DATA FOR PROCESSING below:

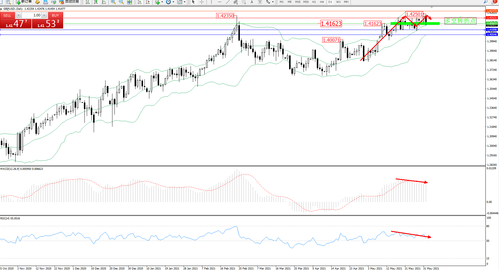 备选策略:1.41623上方看涨,目标1.42121、1.42773
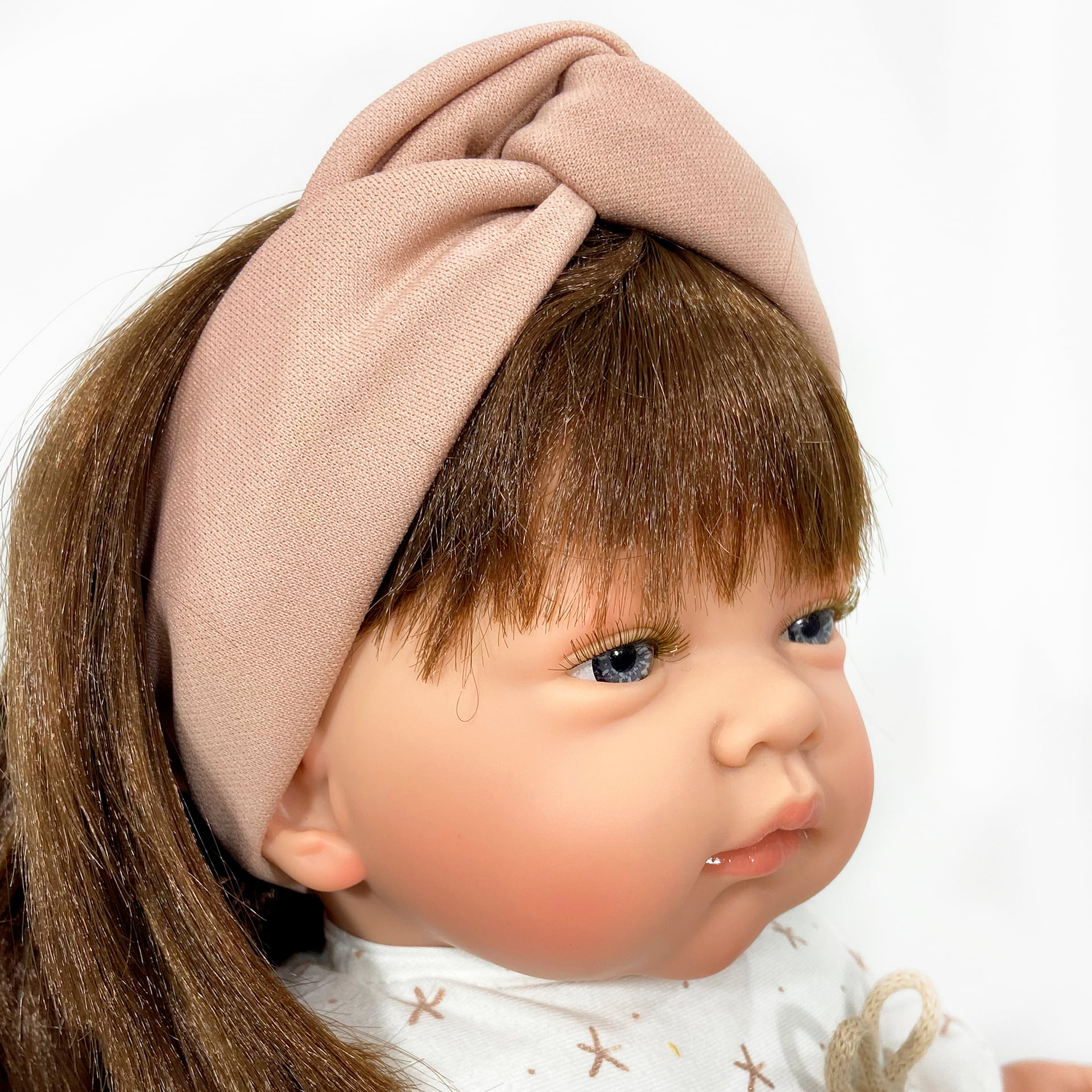Papusa Nines D’Onil, Celia, cu parul saten, cu rochie alba, cu miros de vanilie, 45 cm
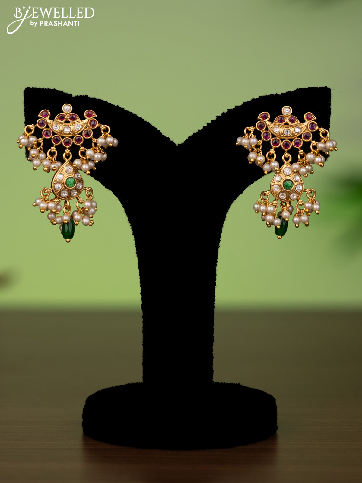 Antique attigai necklace with kemp & kumdan stones and pearl hangings
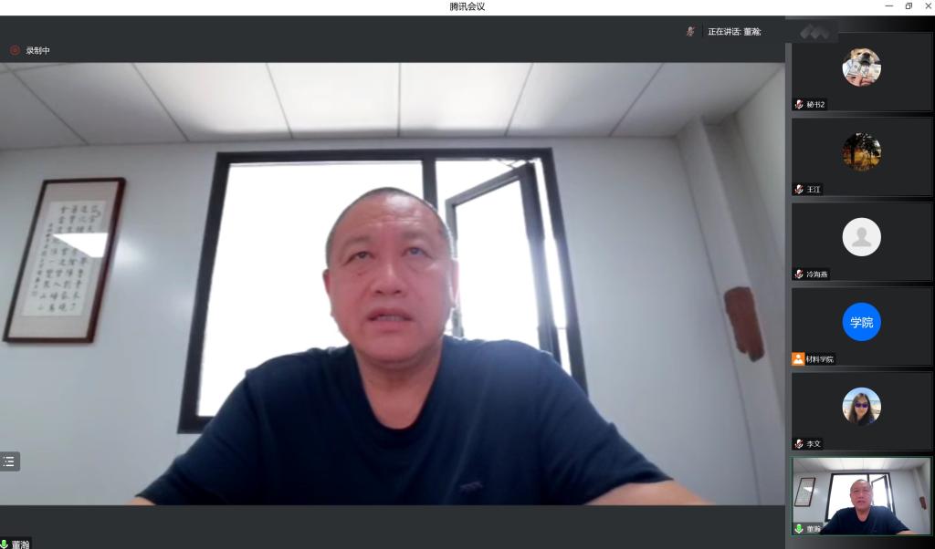 材料学院院长董瀚对学院今年以来取得的成绩表示充分肯定,并对大家做出的努力表示感谢,他指出,要进一步做好学科建设和学院的管理工作,努力完成各项指标任务,全力做好年底冲刺阶段的各项工作,在疫情散发期间,持续加强疫情防范,保障好科研和教学秩序。党委书记王江表示,要切实做好巡察反馈问题整改,通过定期举办政策宣讲,一以贯之坚持公平、公正、公开,在感谢各位老师辛勤付出的同时,希望大家再接再厉,做好疫情防控及下阶段各项工作。
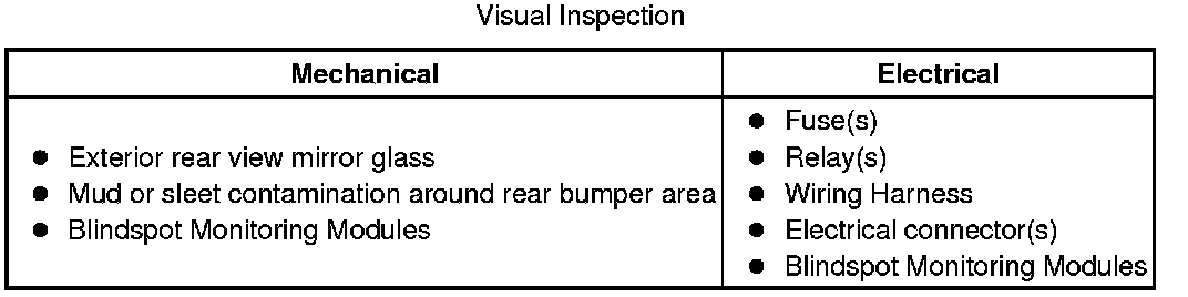 - Check for contamination (e.g. dirt, grime, frosting, ice) around the blindspot monitoring sensors and clear.

End of DATA FOR PROCESSING.

THE TASK: Return, exactly as they stand, all of the lines above, but not the pictures.

REPLY TO THE EXERCISE:
 备选策略:1.41623上方看涨,目标1.42121、1.42773
Papusa Nines D’Onil, Celia, cu parul saten, cu rochie alba, cu miros de vanilie, 45 cm
 Antique attigai necklace with kemp & kumdan stones and pearl hangings
 材料学院院长董瀚对学院今年以来取得的成绩表示充分肯定,并对大家做出的努力表示感谢,他指出,要进一步做好学科建设和学院的管理工作,努力完成各项指标任务,全力做好年底冲刺阶段的各项工作,在疫情散发期间,持续加强疫情防范,保障好科研和教学秩序。党委书记王江表示,要切实做好巡察反馈问题整改,通过定期举办政策宣讲,一以贯之坚持公平、公正、公开,在感谢各位老师辛勤付出的同时,希望大家再接再厉,做好疫情防控及下阶段各项工作。
 - Check for contamination (e.g. dirt, grime, frosting, ice) around the blindspot monitoring sensors and clear.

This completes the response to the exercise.